The 2 systems you compared has different total memory, the new one had less, so am I right in assuming were different systems? And different operating systems as well as wildly different elasticsearch versions?
In any case, rather than dig into the details of "free -h", can you tell us what problems you have with the application / elasticsearch? Ignore the "free -h" for now, pretend you had never run that command, what problems do you have?
@RainTown yes we have decreased the memory of the machine and the OS version is same in both the machines and both hosts same application
we don't see any issues as of now as we have alerts in place to trigger alerts for memory usage we are investigating to see if this will have any adverse effect eventually.
OK, that the buffer/cache number looks high is a good thing!! You want that to be high, if thats alerting then IMO the alert is broken, you want overall system to use as much of the available memory as possible. Dont be fooled into thinking you need a lot of "free" memory, thats just a waste.

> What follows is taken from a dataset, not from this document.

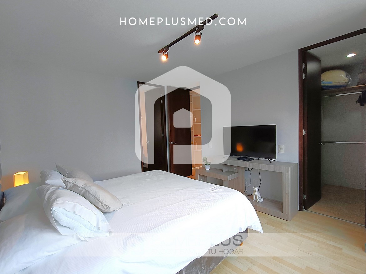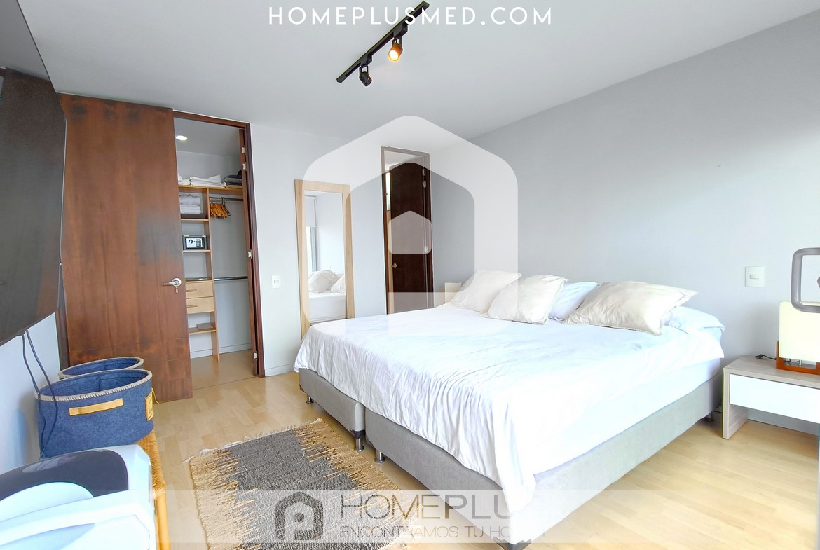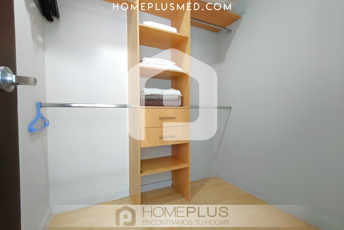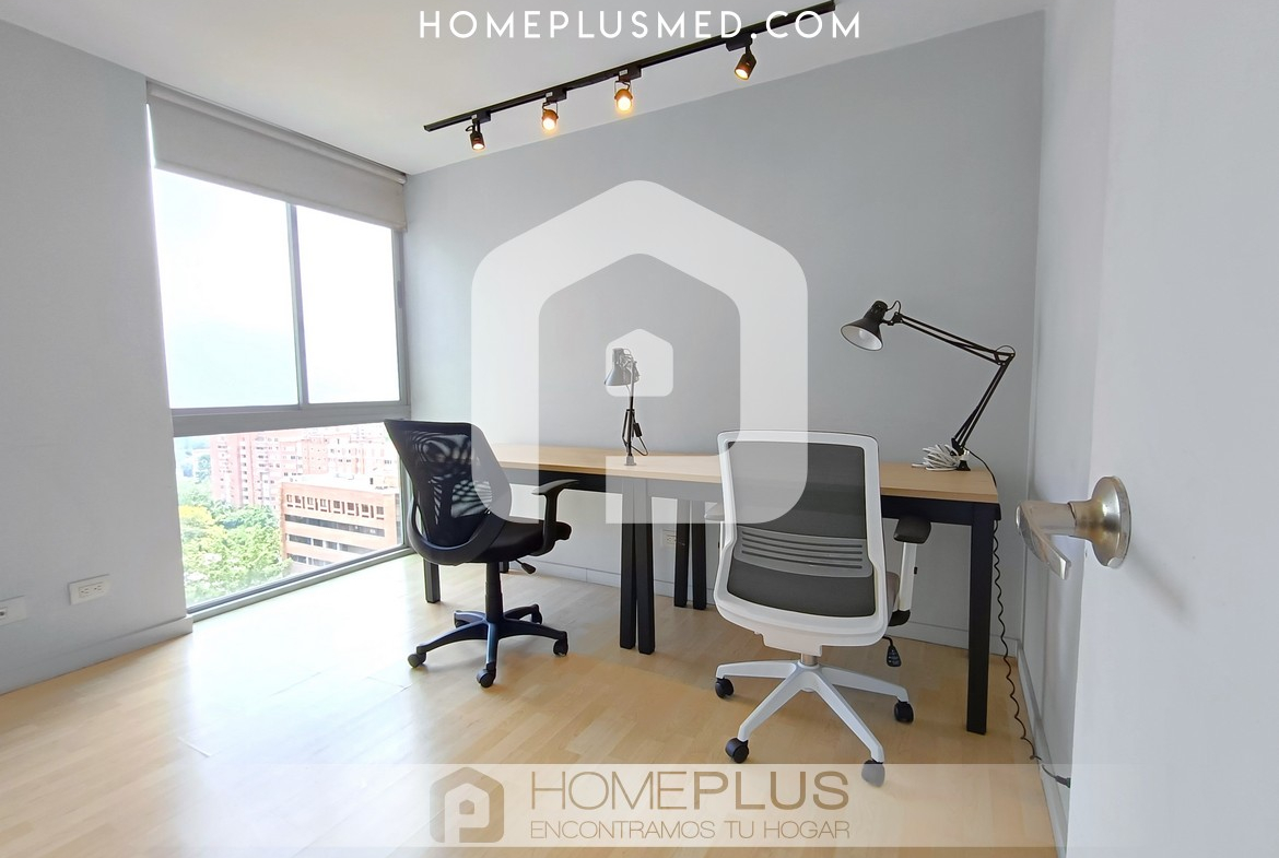 El apartamento tiene dos habitaciones principales, cada una con Smart TV, baño privado y walking closet, además de aire acondicionado portátil. Una de las habitaciones tiene acceso directo al balcón, lo que aporta aún más comodidad y lujo. Además, dispone de un estudio independiente o zona de trabajo, lo que facilita la productividad desde casa. También incluye un baño social para mayor comodidad y un parqueadero privado. La excelente ventilación e iluminación natural en todo el apartamento crean un ambiente agradable y cálido.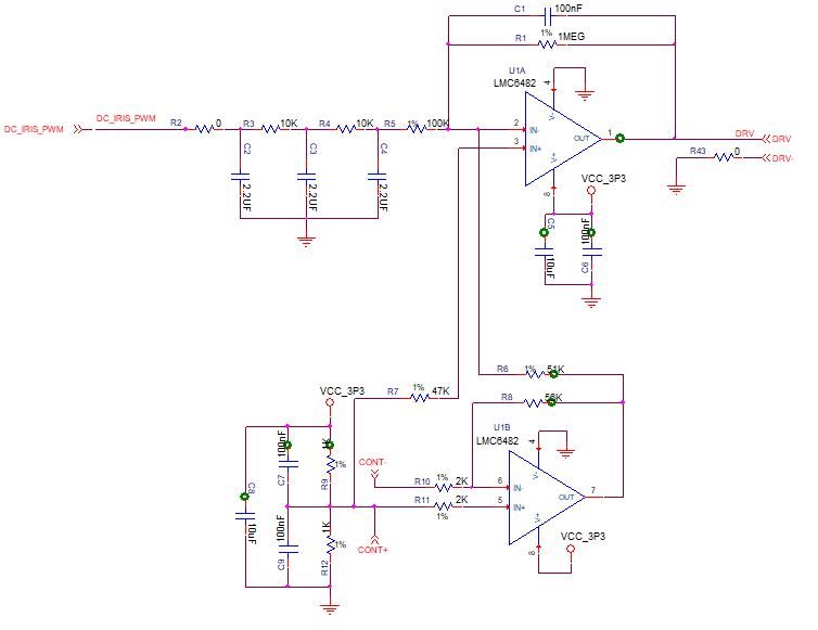 这是一个DC自动光圈的电路图,drv+/- 和cont+/-分别接了一个线圈,这两个线圈相互抵抗,控制光圈维持在某个大小,drv是驱动线圈,count是阻尼线圈,通过pwm的占空比,就能调整光圈的开合,目前3.3v控制不了(drv最大能到1.8v),需要调到4V才能控制(drv最大到2.5v),实际测试光圈也是需要2.5v左右才能动作。

The shared memory being high is a little less usual, but it's not a bad thing per se. Part of it might be tmps filesystems (df -a | grep tmpfs , these count towards shared) the rest will have been requested by an application.
You can see per process using ps_mem (amongst other tools)
I suggest use -d flag
As of now, I dont see anything I would be concerned about.
Thanks for the additional info. A lot as changed obviously since version 1.7.3, starting with the fact that in 1.7.3 there was no real client, and applications were a node in the cluster. Clients use the http API since version 6 (or maybe 5). You also certainly had to update your application.
So you definitely have to adjust your alerts to this new environment.
Thanks for updating the thread. Did you try use same JDK for v1.7.3 and v8.13.3 ?
elasticsearch is most often installed alongside its bundled JDK/JVM. The working assumptions here will (almost always) be that you used that bundled JDK, unless you explicitly mention otherwise. So little chance anyone could guess that JDV version would be a factor.
But its great you reached a scenario where you are now happier.
its the same jdk for both the version but with some customizations on it, the customization was reporting the wrong metrics even though there was enough memory available.
So to close the thread please choose one of the replies as resolution, maybe your own.
The only information about memory use you shared were (limited) outputs from linux free commands, that showed nothing abnormal.
Had you done so, you might have reached a resolution quicker.
3 weeks later
which seems to mean user error, there was never a real problem to begin with!
This isn't to pick on you. But it is very very rare that someone here complains that a problem report has provided too much information, while it's commonly the case that the critical details are missed.